CERNE ABBAS 1940-1945. (10)


Although it was to be another six months until V.E. Day, my father was already making plans for our future after the War was finally over, including arrangements for me to start at the City Of London School For Girls the following September, then in Carmelite Street just outside the Temple and very convenient; so plans for us to move into 5 Paper Buildings must have been under way by then too. He and my mother had also begun looking for our future weekend/holiday home in the Dorchester area, as by now my mother was anxious to move from Cerne as soon as possible.

By March 1945, the search had been narrowed down to four possibilities: The Pitchmarket, Belfield House, Radipole Manor, and Wollaston House. My mother wrote to my father:
"If possible I don't want to spend holidays in Cerne after the War. I should always be making excuses about not coming!

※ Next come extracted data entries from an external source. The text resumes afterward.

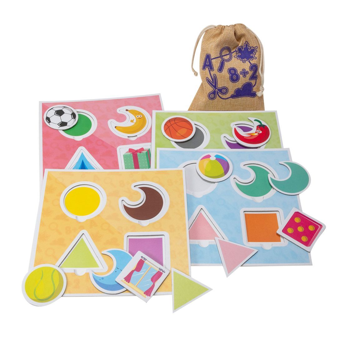 Inneholder: 4 spillebrett, 16 formede plater, 1 pose og regler
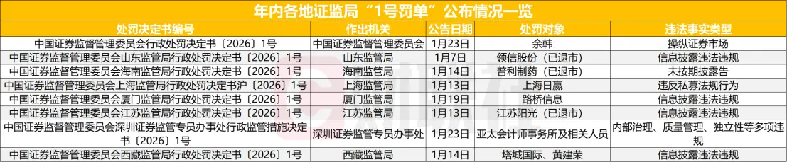 据财联社记者不完全统计,截至1月25日,中国证监会及山东、海南、上海、厦门、江苏、深圳、西藏等各地证监局已陆续公布合计八张2026年度“1号罚单”。
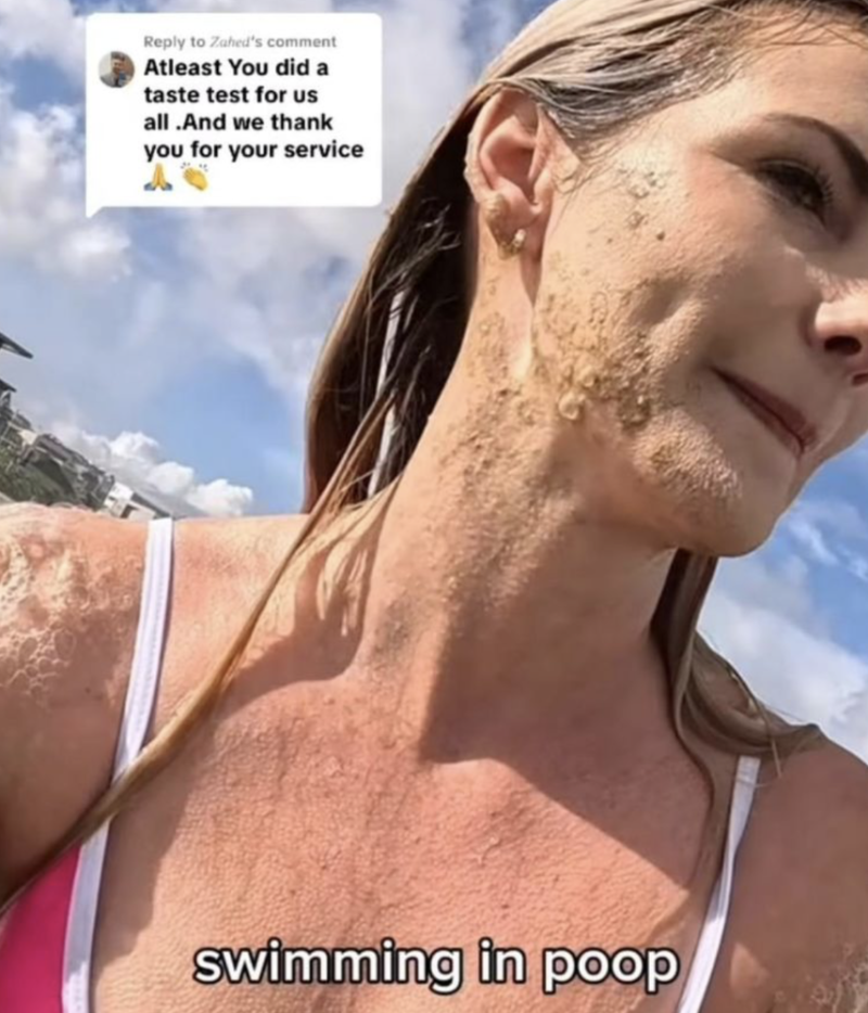 Influencer presume nadar entre espuma marina, pero eran aguas negras con heces fecales

I would dread the end of term and having to go back to all that 'to all that'. Especially in the Long Vacation. You would be away so much then."

Wollaston House, built in 1786, stands in the centre of Dorchester at the junctions of Church Street, Durngate Street and Acland Road. Whatever garden it once had has now long gone, and it is surrounded by busy roads and car parks, including the Waitrose one. My mother continued:
"Wollaston was a better thing in the War times than in peace. Time saved on your journey, easier food. But it is much less easy to run without servants than Belfield. And in peace, it would be difficult to get up much holiday spirit about coming to such a queer locality! I cannot feel it's the right place really."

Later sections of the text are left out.